The others smiled at her and loved the idea.

“She would have loved that,” Charlotte said with a smile. Olivia was pleased too. And Veronica endorsed the idea. She and Olivia were feeling at home there after spending Christmas at the farm, and they helped Quinne and Charlotte pick comfortable rooms.

They all disappeared upstairs to dress and were back an hour later. Cooper whistled as Quinne came down the stairs in a short silver minidress that molded her figure and showed off her legs, with high-heeled silver sandals.

“I feel like the Tin Man in The Wizard of Oz,” she said, looking embarrassed, but Cooper put his arms around her and kissed her and poured the champagne he’d just opened.

They had brought a bottle of Dom Perignon.

Charlotte came down a few minutes later in a long black skirt she’d bought in Paris and a silky gold top.

Veronica had helped Olivia get into a soft pink cashmere dress with a long skirt, and Veronica was wearing a long red knit dress that was casual and chic, which Anson had bought her for her birthday at Dior.

They all looked very festive, as Coop poured them each a glass of champagne.

The doorbell rang as he did, and Charlotte went to open it.

“Are we expecting anyone?” she asked Veronica over her shoulder, opening the door before Veronica heard her, and found herself looking at a tall handsome man with slightly wild blond hair wearing a dinner jacket, an immaculate white shirt, and a black tie, with jeans and black velvet shoes.

Veronica smiled when she saw him and went to greet him, as he stared down at Charlotte with an emotional look.

“You look so much like your mother,” he said softly, and it took a minute before Charlotte realized who he was.

“Sorry, I’m Andy York.

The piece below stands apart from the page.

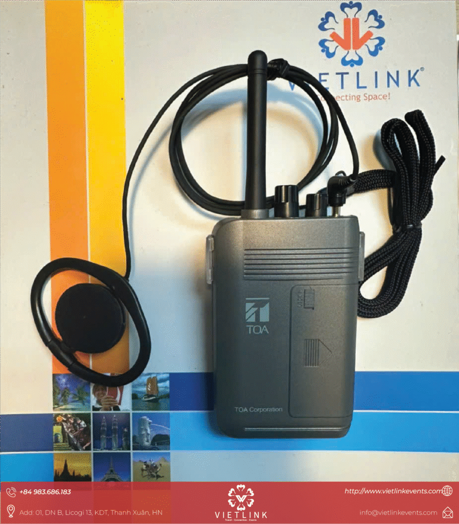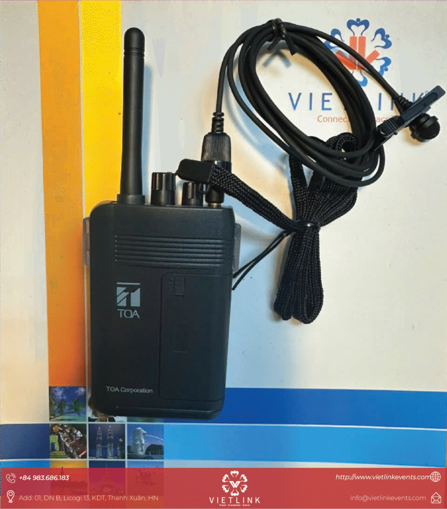 - Tiết kiệm sức – tăng hiệu quả: Hướng dẫn viên chỉ cần đeo micro, khách dùng tai nghe nhận tín hiệu không dây trong phạm vi 100–150m.

You took me by surprise.

” He smiled broadly when he greeted the others, and took a glass of champagne from the silver tray Coop was passing around.

The two men seemed to have an instant rapport, and within a short time were talking about films they’d worked on in L.A.

, Cooper as an actor, and Andy as a screenwriter.

They discovered that they knew several people in common, and Charlotte was watching them closely as they talked.

“He’s definitely a hunk,” Veronica commented, as the group moved into the living room, and the two men were engrossed in conversation in front of the fire.

“I’m allergic to men who look like that,” Charlotte whispered. “I learned my lesson years ago. I fall madly in love with them, and they turn out to be assholes. Movie-star-handsome men are a death wish for anyone who gets involved with them. I swore them off after Adam.”

“Andy is actually a nice guy,” Olivia joined the whispered conversation between sisters.

“I’ll take your word for it,” Charlotte said, looking unnerved. “I’m not going to go near him,” she said, as Olivia remembered that she had seated them next to each other at the dinner table.

“Do you want me to move him?” Olivia asked her, and Charlotte shook her head.

“It’s a test of ten years of therapy to see if I can remain sane and have an intelligent conversation with him,” she said, helping herself to the champagne, and Quinne saw Andy lose interest in Cooper, as Charlotte crossed the room and they exchanged a smile.

There was definitely some kind of chemistry between them, whether Charlotte admitted it or not, and Andy wasn’t just a handsome hunk, he was a genuinely nice man, and fun to talk to, as Coop had discovered.

Inevitably, during dinner the conversation turned to his father and their mother, and they toasted Felicia and Spencer, and the love they had shared for so many years.